In various indigenous cultures, including the Navajo, the traditional attitude towards homosexuality is that of respect for those who are “two-spirits,” often regarding them as having mystical powers that made them good healers, medicine people, and tribal counselors. Two spirits have the ability to embody both genders in one body and therefore can experience the work of balancing male and female within themselves in ways that others cannot, affording them unique perspectives and wisdom. While homosexuality is more common than being transgender, the concept still seems to fit.

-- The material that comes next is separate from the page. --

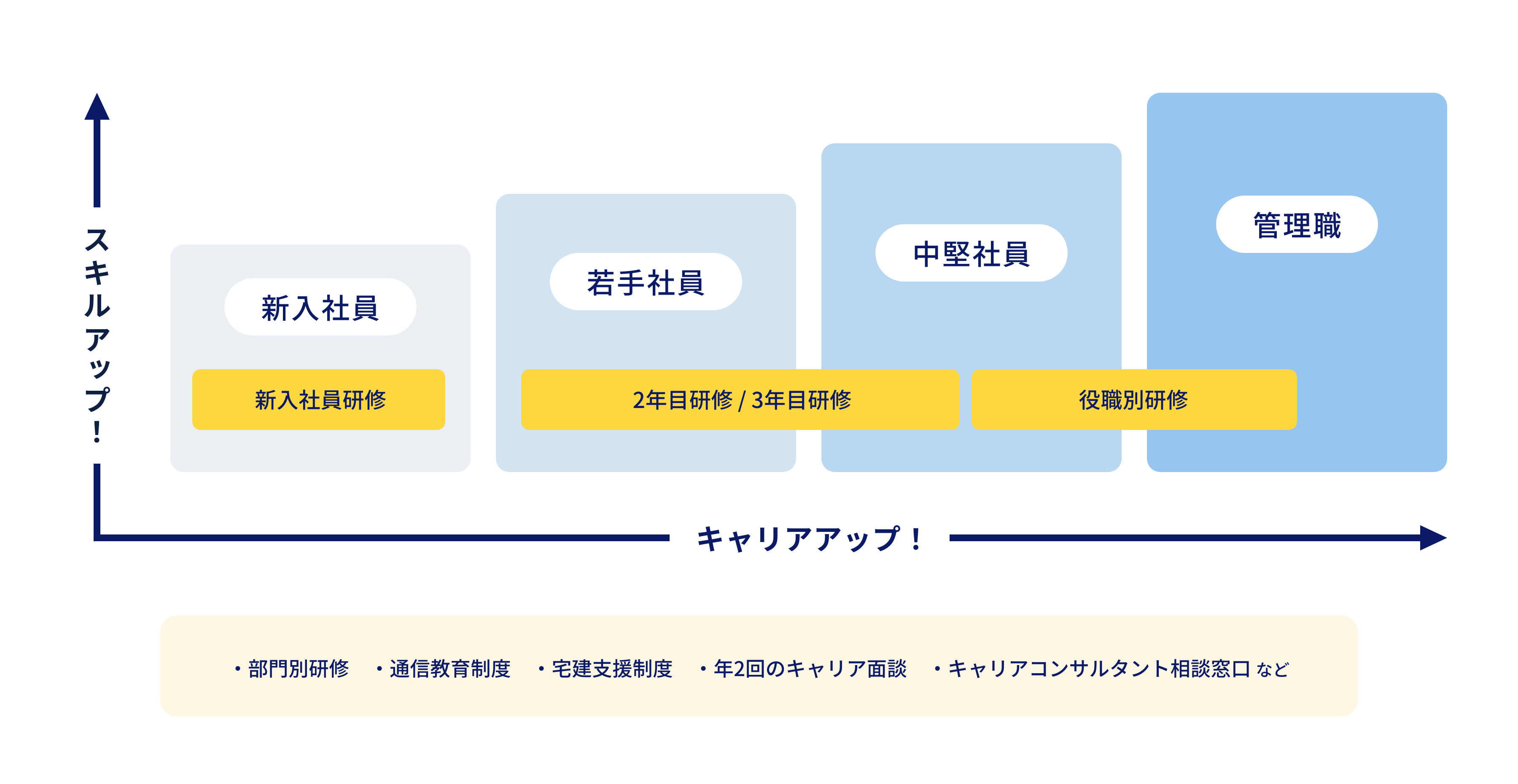 社員一人ひとりのキャリア形成を支えるため、充実した研修制度を整えています。あなたのライフステージや目指すキャリアに合わせて、成長の機会を提供します。

In today’s society, unfortunately, this attitude is not common towards any variance in “normal” sexual or gender identification. And yet we live with the desperate need for balance in all areas of our lives and with the consequences for ignoring that need. Our society has become polarized, disconnected, and unbalanced as pendulums swing frantically from one end of the spectrum to the other, hardly ever finding a point of balance in the middle. Many women seem determined to prove they’re really men without penises. Men frequently struggle to find socially acceptable ways to express their emotions. All of us fight an uphill battle for acceptance of our Truth, whatever the criteria used for assessing ourselves and others and sorting by categories, as humans are wont to do.

Two spirits have the ability to embody both genders in one body and therefore can experience the work of balancing male and female within themselves in ways that others cannot, affording them unique perspectives and wisdom.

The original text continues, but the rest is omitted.